## WORK INSTRUCTION
Would you return the data exactly as given, except for its pictures?

## SOURCE INFORMATION
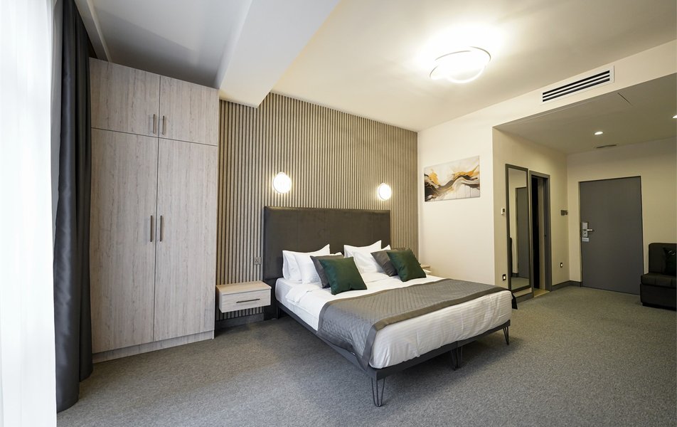 Номерной фонд отеля представляет на выбор 52 номера различных категорий. Все номера оснащены электронной системой доступа в номер, сейфом, качественной мебелью, ванной комнатой со всеми принадлежностями, кабельным телевидением и высокоскоростным интернетом Wi-Fi с неограниченным подключением устройств.
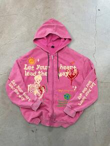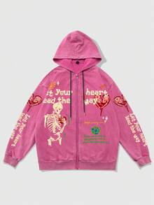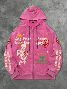 Goth Men's Snowflake & Skull Slogan Print Hoodie Sweatshirt , Fall
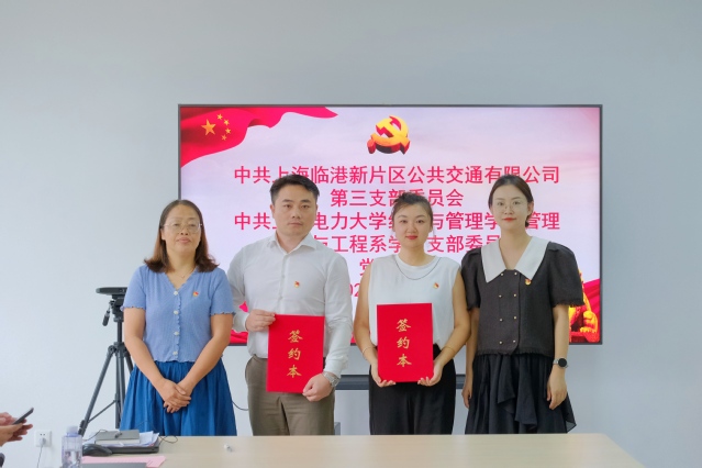 为进一步落实新时代党建工作的新要求,促进党建与业务发展深度融合,创新党建联学共建新形式,9月25日,买球体育官方网站管理科学与工程系学生党支部与上海临港新片区公共交通有限公司第三党支部在临港集卡中心党群服务站开展了党建联建交流会,会上双方党支部签订党建共建协议书。上海临港新片区公共交通有限公司第三党支部书记梁鸽峰、工会主席支部宣传委员曹依梅、买球体育官方网站专职组织员周颖、党支部书记王卲萱以及双方支部党员参加了交流会。
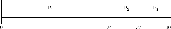 - Waiting time for P1 = 0; P2 = 24; P3 = 27
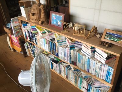 窓の横にも本棚。
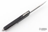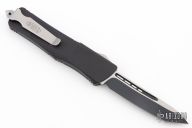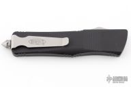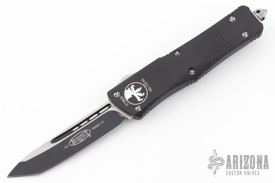 This Troodon automatic by Microtech knives features a black tanto blade with fullers. The handle has a black aluminum frame with thumb-slide, glass breaker, and tip down clip. Dated 06/2010 with a S/N of 07868. Has some light scuffs, otherwise excellent condition.

## TASK OUTPUT
 Номерной фонд отеля представляет на выбор 52 номера различных категорий. Все номера оснащены электронной системой доступа в номер, сейфом, качественной мебелью, ванной комнатой со всеми принадлежностями, кабельным телевидением и высокоскоростным интернетом Wi-Fi с неограниченным подключением устройств.
 Goth Men's Snowflake & Skull Slogan Print Hoodie Sweatshirt , Fall
 为进一步落实新时代党建工作的新要求,促进党建与业务发展深度融合,创新党建联学共建新形式,9月25日,买球体育官方网站管理科学与工程系学生党支部与上海临港新片区公共交通有限公司第三党支部在临港集卡中心党群服务站开展了党建联建交流会,会上双方党支部签订党建共建协议书。上海临港新片区公共交通有限公司第三党支部书记梁鸽峰、工会主席支部宣传委员曹依梅、买球体育官方网站专职组织员周颖、党支部书记王卲萱以及双方支部党员参加了交流会。
 - Waiting time for P1 = 0; P2 = 24; P3 = 27
 窓の横にも本棚。
 This Troodon automatic by Microtech knives features a black tanto blade with fullers. The handle has a black aluminum frame with thumb-slide, glass breaker, and tip down clip. Dated 06/2010 with a S/N of 07868. Has some light scuffs, otherwise excellent condition.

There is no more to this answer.